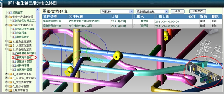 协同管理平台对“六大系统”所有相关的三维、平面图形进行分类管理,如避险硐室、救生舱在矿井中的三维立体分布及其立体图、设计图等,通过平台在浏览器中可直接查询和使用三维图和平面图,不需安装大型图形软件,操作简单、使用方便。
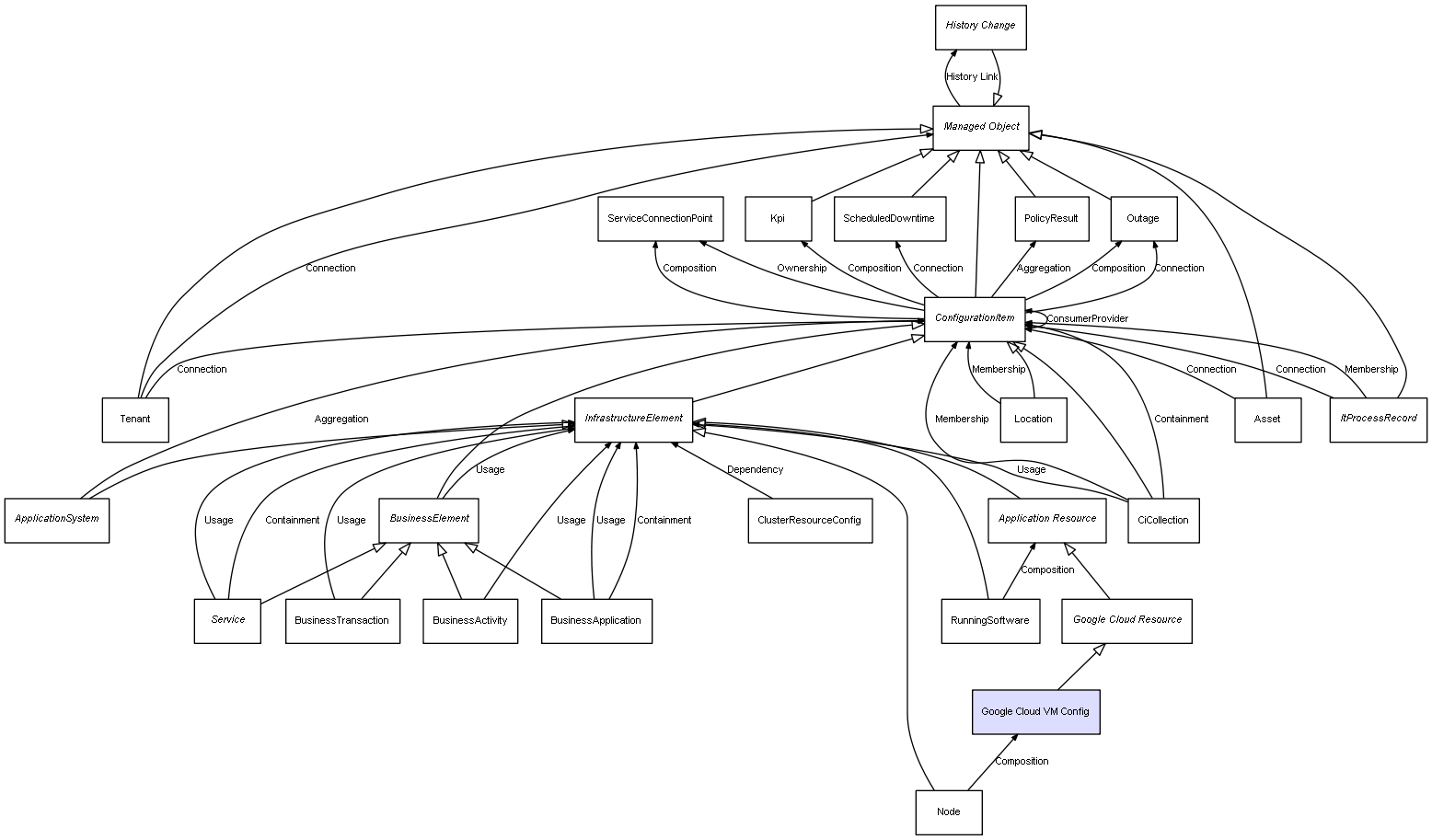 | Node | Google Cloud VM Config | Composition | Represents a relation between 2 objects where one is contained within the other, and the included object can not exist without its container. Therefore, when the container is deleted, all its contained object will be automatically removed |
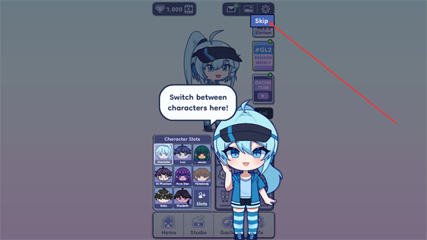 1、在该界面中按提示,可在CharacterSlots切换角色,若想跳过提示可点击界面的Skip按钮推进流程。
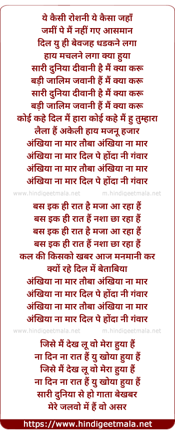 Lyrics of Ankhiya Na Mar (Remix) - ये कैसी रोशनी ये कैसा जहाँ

--------

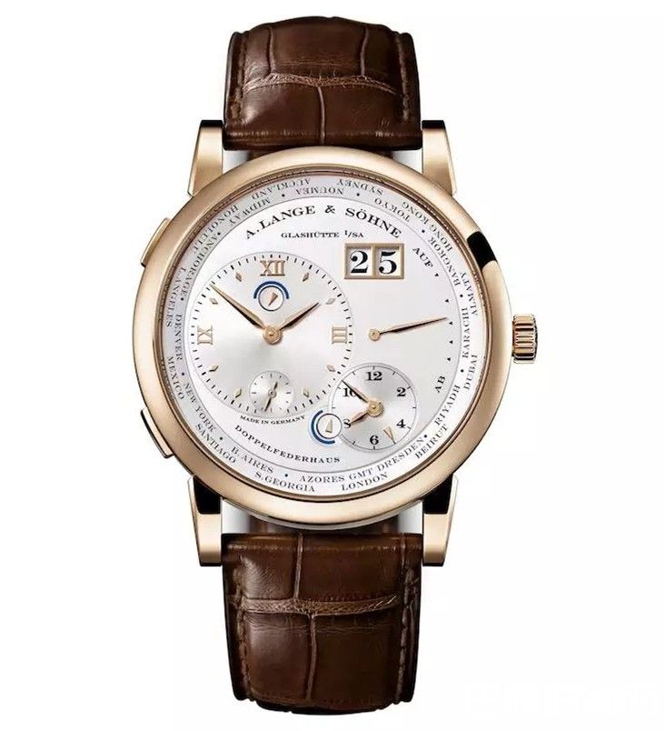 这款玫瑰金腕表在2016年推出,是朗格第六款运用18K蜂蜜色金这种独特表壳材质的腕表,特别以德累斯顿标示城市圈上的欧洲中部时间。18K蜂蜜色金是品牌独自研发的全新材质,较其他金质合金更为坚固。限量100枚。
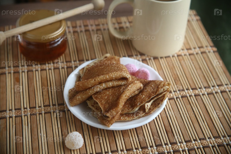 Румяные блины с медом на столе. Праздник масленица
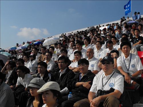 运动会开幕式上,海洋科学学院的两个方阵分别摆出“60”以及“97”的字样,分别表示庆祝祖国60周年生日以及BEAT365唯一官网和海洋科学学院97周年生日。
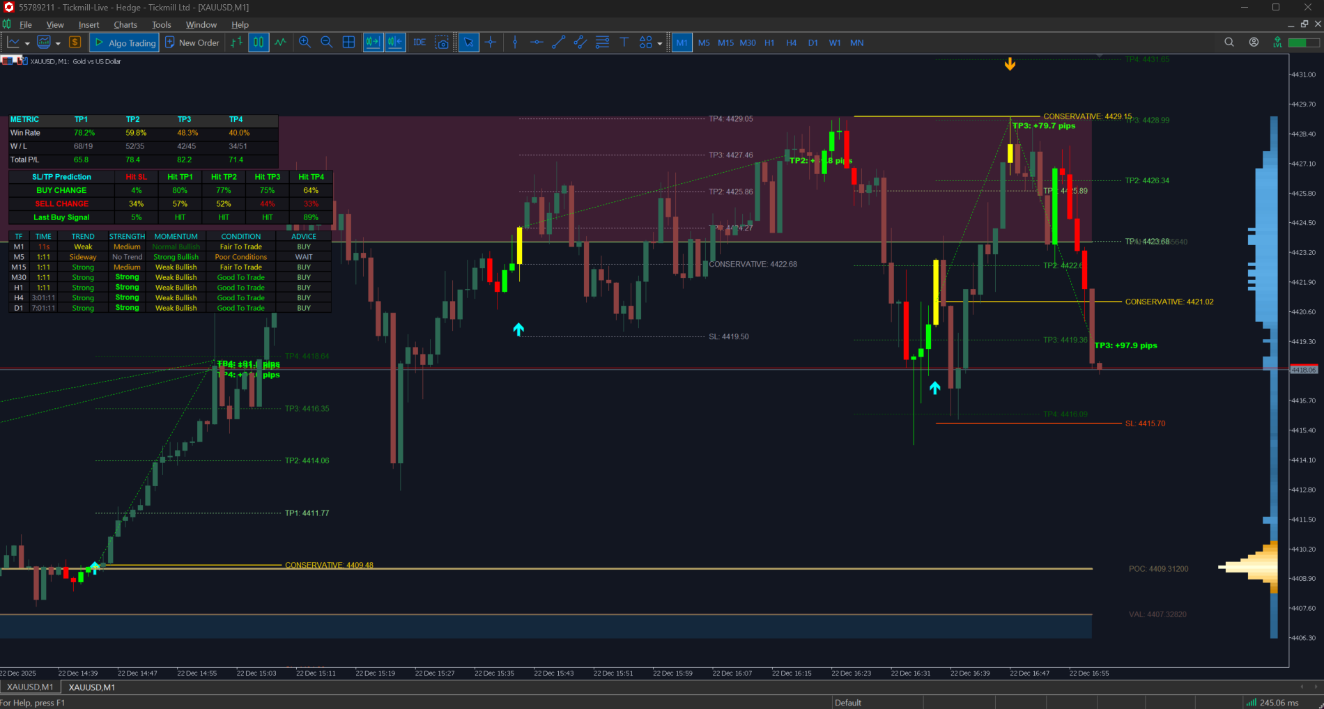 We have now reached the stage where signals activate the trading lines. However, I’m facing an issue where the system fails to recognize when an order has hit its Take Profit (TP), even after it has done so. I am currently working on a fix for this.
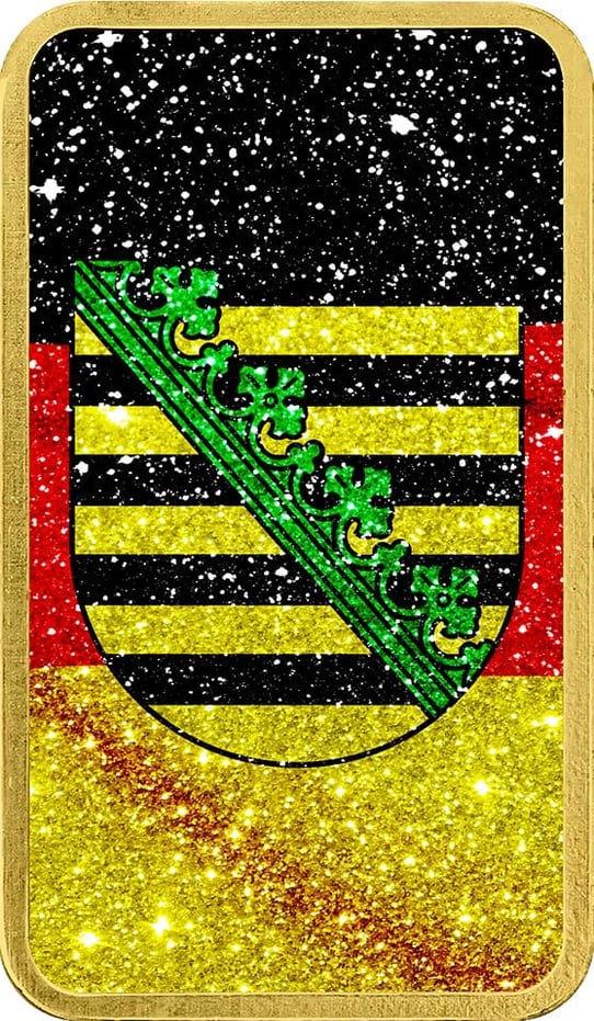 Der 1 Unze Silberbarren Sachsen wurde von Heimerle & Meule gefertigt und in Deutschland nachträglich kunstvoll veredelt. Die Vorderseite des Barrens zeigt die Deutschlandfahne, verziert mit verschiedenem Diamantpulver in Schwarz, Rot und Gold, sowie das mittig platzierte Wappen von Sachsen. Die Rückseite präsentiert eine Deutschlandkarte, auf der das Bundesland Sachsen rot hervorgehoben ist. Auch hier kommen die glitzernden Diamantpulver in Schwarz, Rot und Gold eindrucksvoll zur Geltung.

--------

◆ **What is being asked**: Copy nothing but the lines above that run from the one with "Румяные блины с" to the one with "Der 1 Unze Silberbarren", ends included; pictures stay out.

◆ **Your solution**:
 Румяные блины с медом на столе. Праздник масленица
 运动会开幕式上,海洋科学学院的两个方阵分别摆出“60”以及“97”的字样,分别表示庆祝祖国60周年生日以及BEAT365唯一官网和海洋科学学院97周年生日。
 We have now reached the stage where signals activate the trading lines. However, I’m facing an issue where the system fails to recognize when an order has hit its Take Profit (TP), even after it has done so. I am currently working on a fix for this.
 Der 1 Unze Silberbarren Sachsen wurde von Heimerle & Meule gefertigt und in Deutschland nachträglich kunstvoll veredelt. Die Vorderseite des Barrens zeigt die Deutschlandfahne, verziert mit verschiedenem Diamantpulver in Schwarz, Rot und Gold, sowie das mittig platzierte Wappen von Sachsen. Die Rückseite präsentiert eine Deutschlandkarte, auf der das Bundesland Sachsen rot hervorgehoben ist. Auch hier kommen die glitzernden Diamantpulver in Schwarz, Rot und Gold eindrucksvoll zur Geltung.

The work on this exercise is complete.